Lecturers from the Universidade Eduardo Mondlane in Mozambique were in Grahamstown recently to further develop their journalism programme in collaboration with the Rhodes School of Journalism and Media Studies.
While in town, they also attended the Highway Africa conference.
The lecturers from the School of Communication and Arts (ECA) and the Department of Journalism and Media Studies (JMS) are working together to develop a journalism curriculum for the Mozambican university.
This forms part of a media-strengthening programme begun in 2012 sponsored USAID and the US non-profit organisation IREX.
ECA lecturer Mario Fonseca spoke with Grocott's Mail about the importance of developing the quality of media and the work of journalists in Mozambique.
He said that to get it right they had to start at grass roots level, and the development of a new curriculum was part of the process.
"In order for this process to be a success we had to consider a sum of factors.
"[These included] looking at the journalism curriculum itself, to thinking critically about factors like how will it be of benefit to our needs as a democratic country and how we will contribute to the development of journalism in Mozambique," he said.
The partnership with JMS brought valuable experience to this stage of development, he said, in a process expected to take four years before the new curriculum can be implemented.
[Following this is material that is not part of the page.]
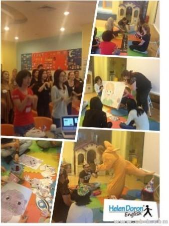 此外,海倫多蘭亞太區(qū)資深教師培訓(xùn)師Ola重點(diǎn)對(duì)海倫多蘭的新課程進(jìn)行了講解,老師們結(jié)合課程內(nèi)容進(jìn)行了現(xiàn)場課堂模擬和觀摩,交流新課程的教學(xué)方法。模擬音樂和舞蹈課堂時(shí),老師們都情不自禁的手舞足蹈;模擬游戲課堂時(shí),老師們紛紛展現(xiàn)了自己的絕活,有的老師把身體模型都拆開,不僅教會(huì)學(xué)生認(rèn)識(shí)body,而且更讓學(xué)生發(fā)揮了自己的創(chuàng)造力和想象力。

Aida Nangwe, also a journalism lecturer at ECA, said the partnership gives them the opportunity to learn things from Rhodes that they can implement at home.
"We plan to use what we know and learn here in our context to benefit our university," Nangwe said.
Fonseca said it was a great opportunity to be working with a well-known institution that has more than a century of experience in journalism, but added that he hoped JMS could learn from them, too, making it a learning process for all parties.
The group from Mozambique was among journalists from around the world that gathered in Grahamstown last week to attend the Highway Africa Conference focusing on social media's growing contribution to mainstream media.
The workshops, panel discussions and seminars attracted media practitioners, academics and students from all corners of the globe.